======== Dataset extract ========

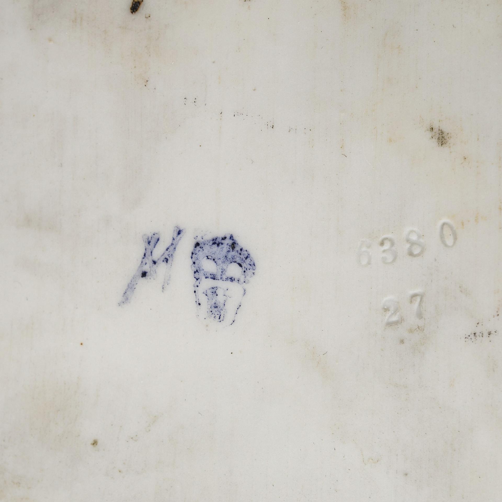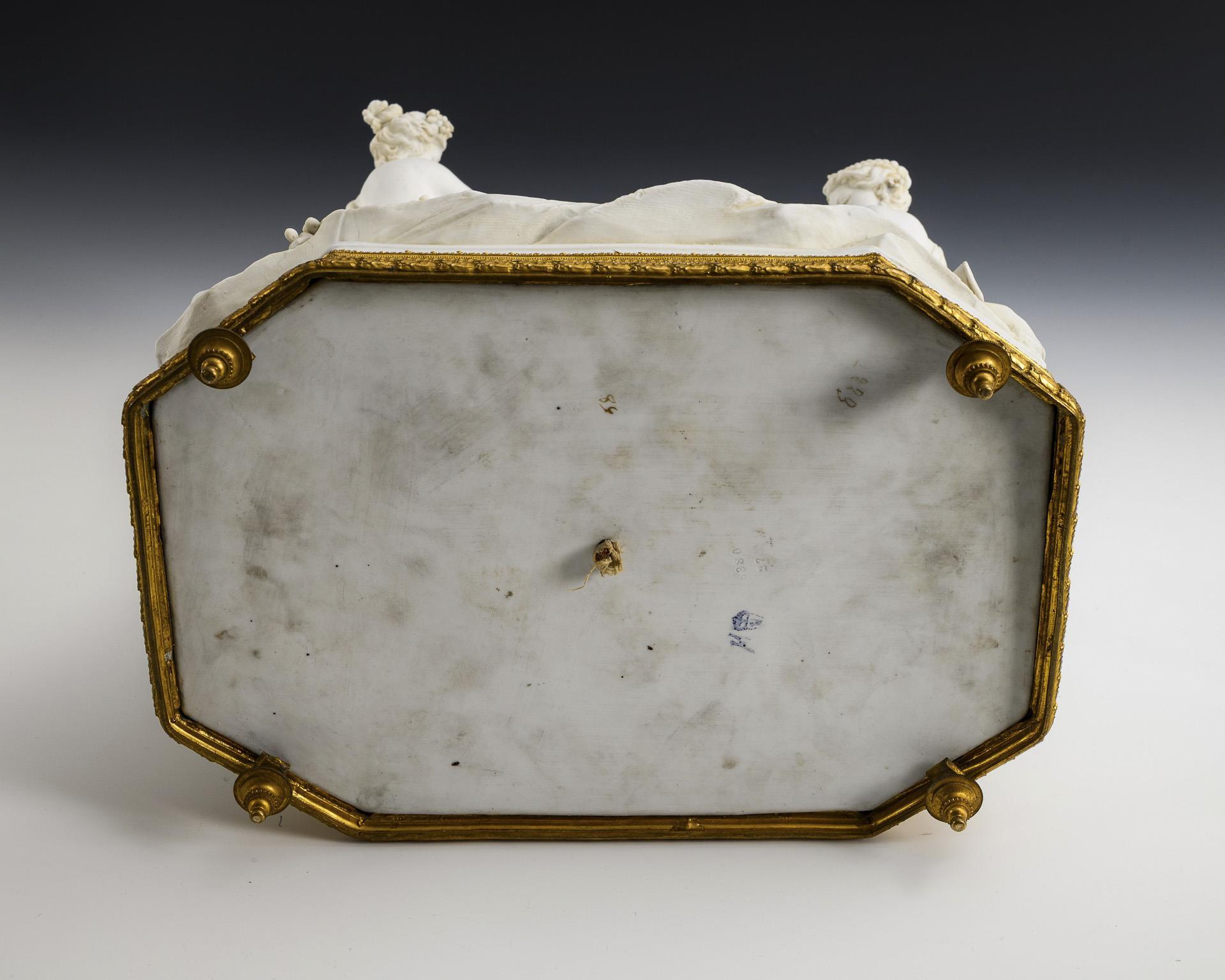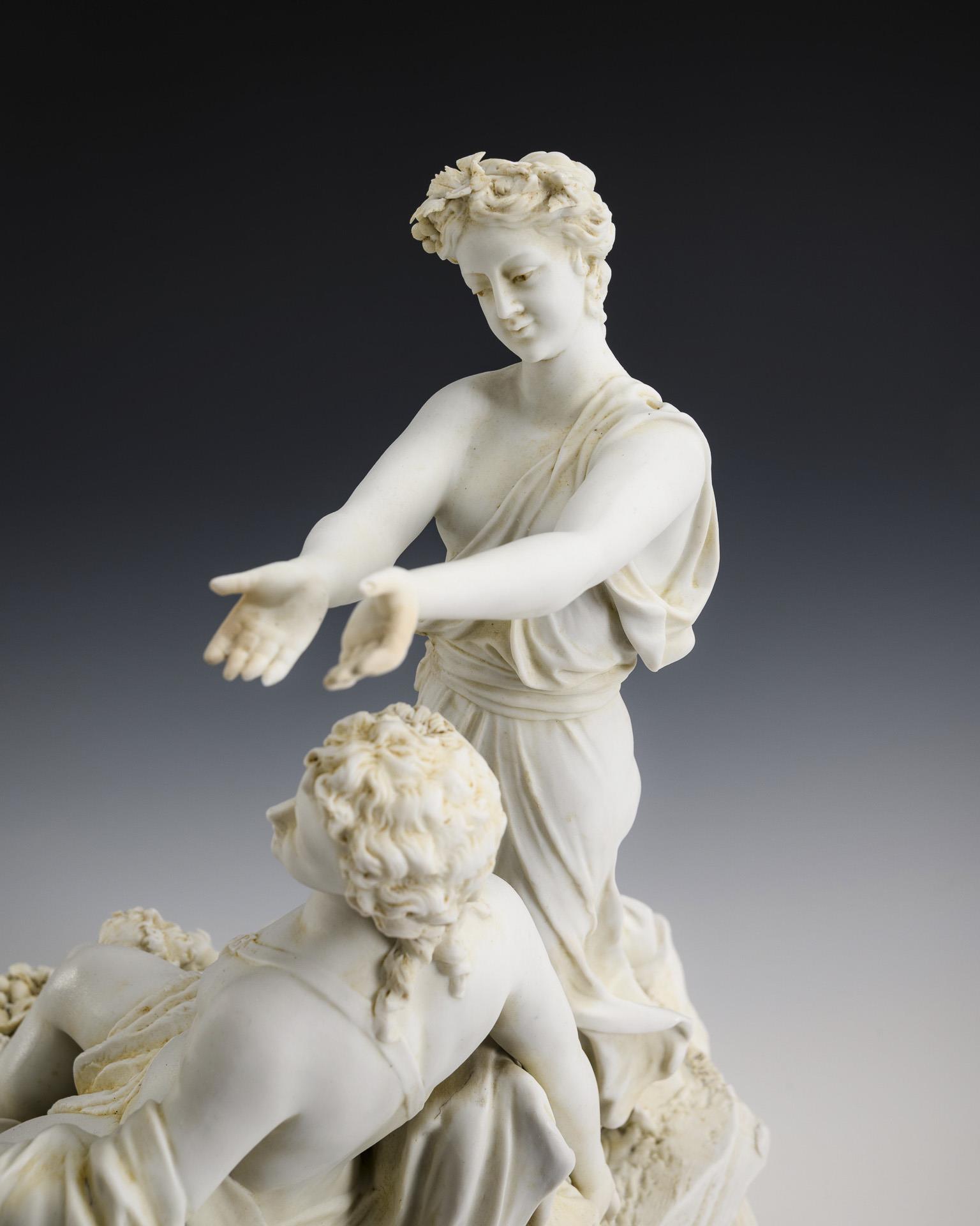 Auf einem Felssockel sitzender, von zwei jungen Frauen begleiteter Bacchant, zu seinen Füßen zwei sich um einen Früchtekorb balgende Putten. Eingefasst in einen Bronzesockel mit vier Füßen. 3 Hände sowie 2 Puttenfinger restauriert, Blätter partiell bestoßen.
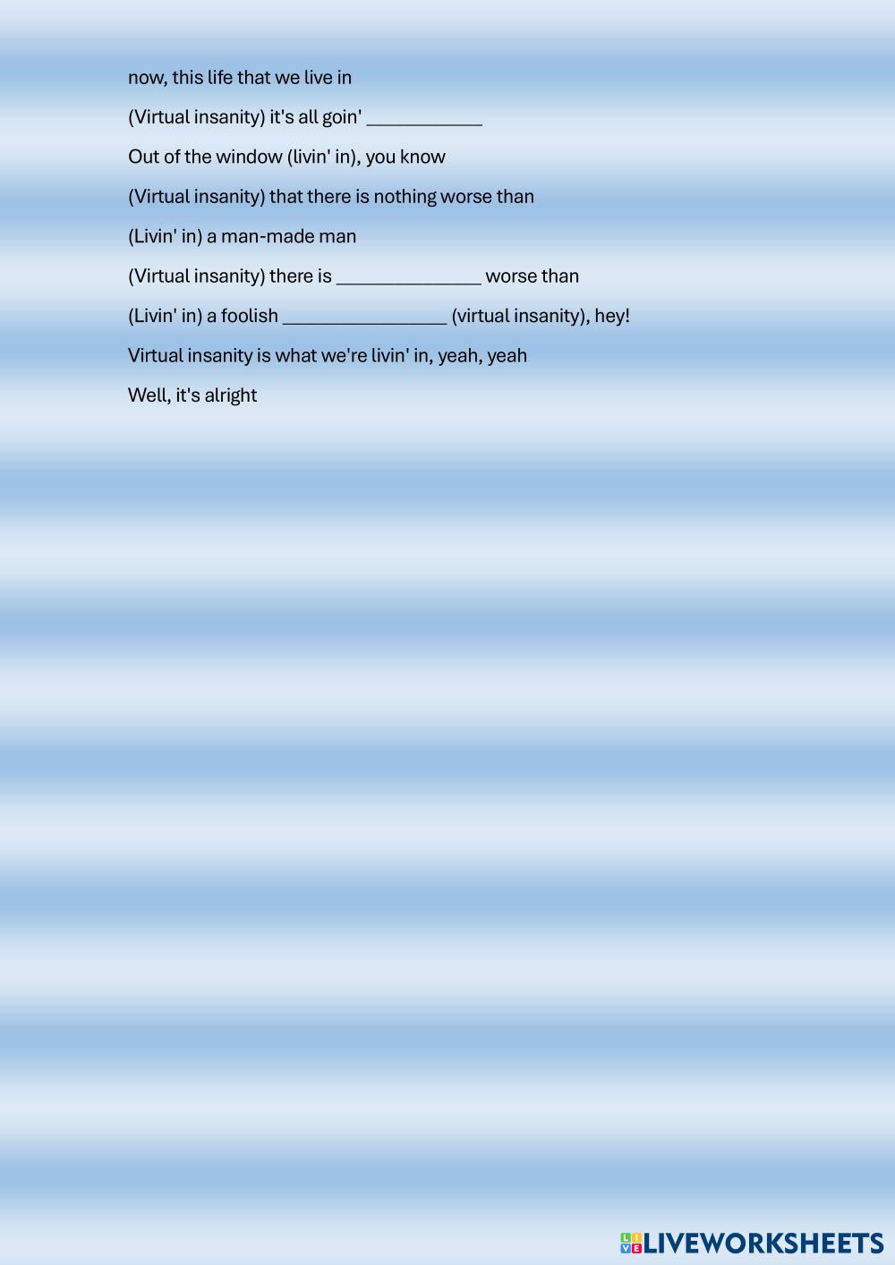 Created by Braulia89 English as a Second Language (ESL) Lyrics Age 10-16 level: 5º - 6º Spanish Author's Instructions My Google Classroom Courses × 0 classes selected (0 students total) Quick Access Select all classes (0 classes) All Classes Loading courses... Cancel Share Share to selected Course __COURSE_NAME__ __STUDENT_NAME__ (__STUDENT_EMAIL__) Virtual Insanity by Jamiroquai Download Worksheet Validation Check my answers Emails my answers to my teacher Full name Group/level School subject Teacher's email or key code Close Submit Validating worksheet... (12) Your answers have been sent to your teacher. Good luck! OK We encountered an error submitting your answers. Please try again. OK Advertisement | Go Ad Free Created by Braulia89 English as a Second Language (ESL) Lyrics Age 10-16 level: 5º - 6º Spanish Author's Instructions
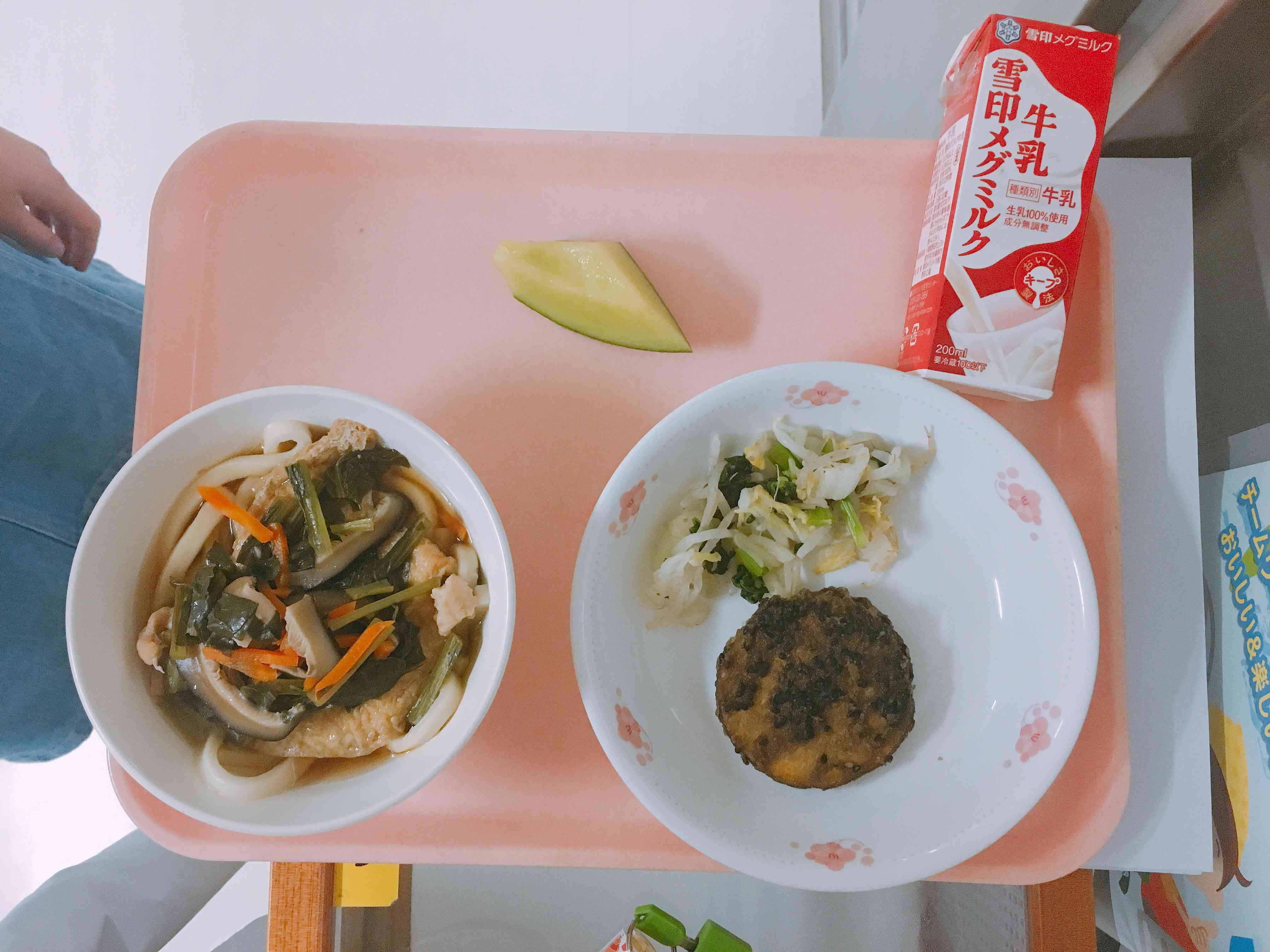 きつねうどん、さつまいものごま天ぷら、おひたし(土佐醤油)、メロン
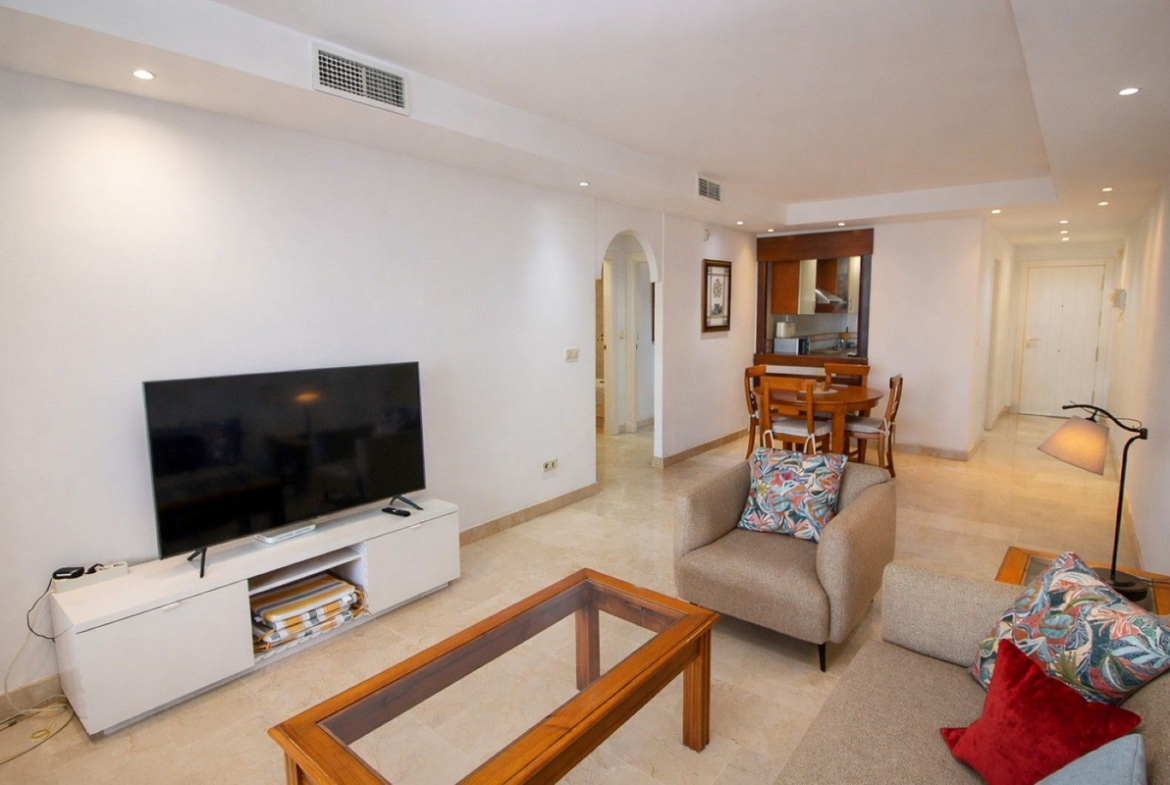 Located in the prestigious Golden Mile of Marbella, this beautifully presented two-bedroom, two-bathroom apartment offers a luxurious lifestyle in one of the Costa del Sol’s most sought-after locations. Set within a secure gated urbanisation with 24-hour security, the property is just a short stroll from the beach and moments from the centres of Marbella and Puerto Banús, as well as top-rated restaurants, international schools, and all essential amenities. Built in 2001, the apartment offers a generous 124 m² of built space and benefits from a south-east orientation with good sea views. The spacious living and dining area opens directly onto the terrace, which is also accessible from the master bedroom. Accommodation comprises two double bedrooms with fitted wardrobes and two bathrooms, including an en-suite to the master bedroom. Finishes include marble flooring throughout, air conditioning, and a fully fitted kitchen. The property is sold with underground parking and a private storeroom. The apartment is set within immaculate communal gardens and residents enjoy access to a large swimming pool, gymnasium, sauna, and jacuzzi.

========

◆ **Aim of the task**
Transcribe exactly the line containing "きつねうどん、さつまいものごま天ぷら、おひたし(土佐醤油)、メロン" and every line after it through the end of the listing above; pictures are not part of the copy.

◆ **Result of this exercise**
 きつねうどん、さつまいものごま天ぷら、おひたし(土佐醤油)、メロン
 Located in the prestigious Golden Mile of Marbella, this beautifully presented two-bedroom, two-bathroom apartment offers a luxurious lifestyle in one of the Costa del Sol’s most sought-after locations. Set within a secure gated urbanisation with 24-hour security, the property is just a short stroll from the beach and moments from the centres of Marbella and Puerto Banús, as well as top-rated restaurants, international schools, and all essential amenities. Built in 2001, the apartment offers a generous 124 m² of built space and benefits from a south-east orientation with good sea views. The spacious living and dining area opens directly onto the terrace, which is also accessible from the master bedroom. Accommodation comprises two double bedrooms with fitted wardrobes and two bathrooms, including an en-suite to the master bedroom. Finishes include marble flooring throughout, air conditioning, and a fully fitted kitchen. The property is sold with underground parking and a private storeroom. The apartment is set within immaculate communal gardens and residents enjoy access to a large swimming pool, gymnasium, sauna, and jacuzzi.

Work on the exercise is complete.